How Software in the Life Sciences Actually Works (And Doesn’t Work)
By Elliot Hershberg. Published 2022-01-30.
Elliot is a PhD student at Stanford University. Before graduate school, he worked on a range of problems in biotechnology. He has helped design cancer vaccines, built computational tools for advancing imaging technologies, and worked as a software engineer on a modern genome browser. Elliot also writes a weekly newsletter called The Century of Biology.

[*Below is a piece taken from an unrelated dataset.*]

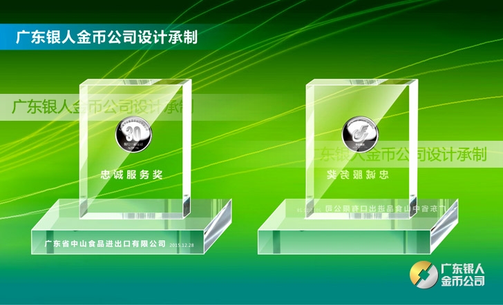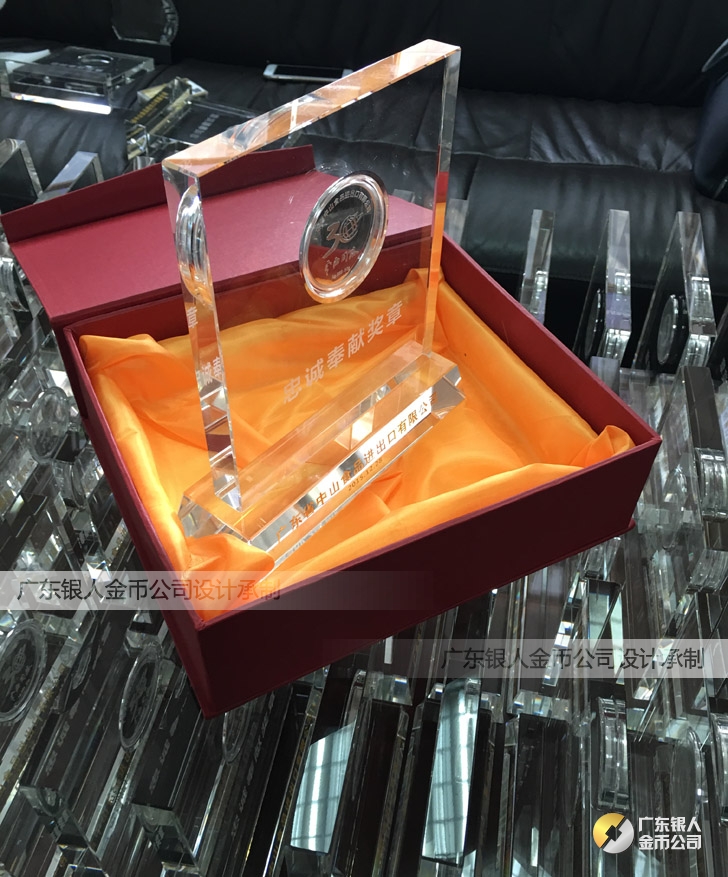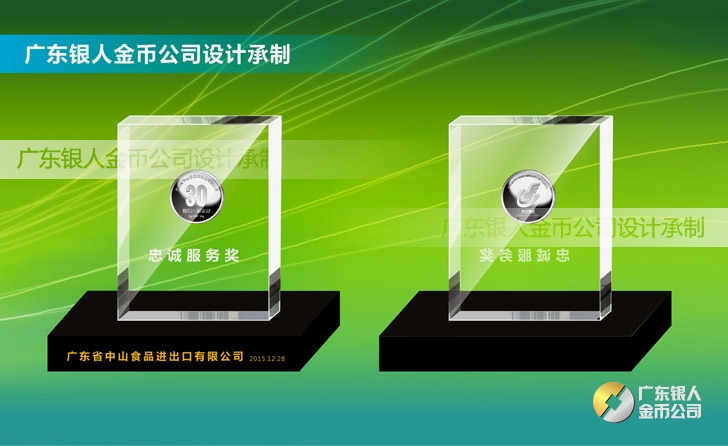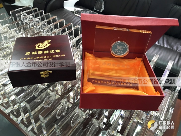 2015年11月定制 中山食品進出口公司水晶擺件鑲純銀銀幣定制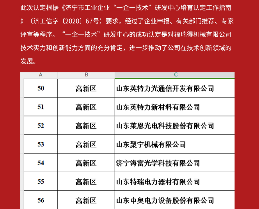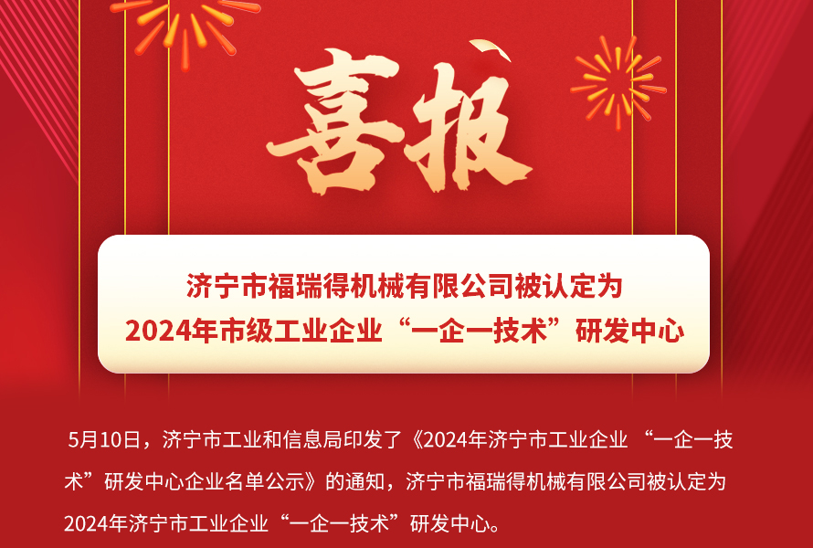 喜報(bào)!濟(jì)寧市福瑞得機(jī)械有限公司被認(rèn)定為市級工業(yè)企業(yè)“一企一技術(shù)”研發(fā)中心

Genomics is projected to require up to 110 petabytes (PB) of storage a day within the next decade—for reference, if you were storing all of that data on 1TB hard drives, you’d need 110,000 of them per day. This would make genomics one of the largest data generating endeavors on the planet, topping other contenders such as Youtube (3-5 PB/day), and Astronomy (3 PB/day). Genomes are not the only “-ome” being measured at breakneck speed, as multi-omic studies are now generating enormous catalogs of different cellular measurements. High-resolution microscopes routinely generate terabytes (1012 bytes) of rich spatial data. In the modern life sciences, quality analytical software is utterly essential for making sense of this enormous amount of new data. Biology is changing.
While biology is changing, our leviathan funding structures have remained the same. It has been estimated that tens of billions of dollars worth of global life sciences R&D depends on software tools for analyzing new types of biological data like genome sequences. While the National Institutes of Health (NIH) is uniquely positioned to support scientists developing this crucial infrastructure–with a budget of $51.96 billion this year–direct grant opportunities for this type of work remain practically nonexistent. Because of the lack of direct funding opportunities, many of the most widely used analytical software tools compete for smaller philanthropic support such as the $11.1 million dollar Essential Open Source Software for Science grant opportunity from the Chan Zuckerburg Initiative.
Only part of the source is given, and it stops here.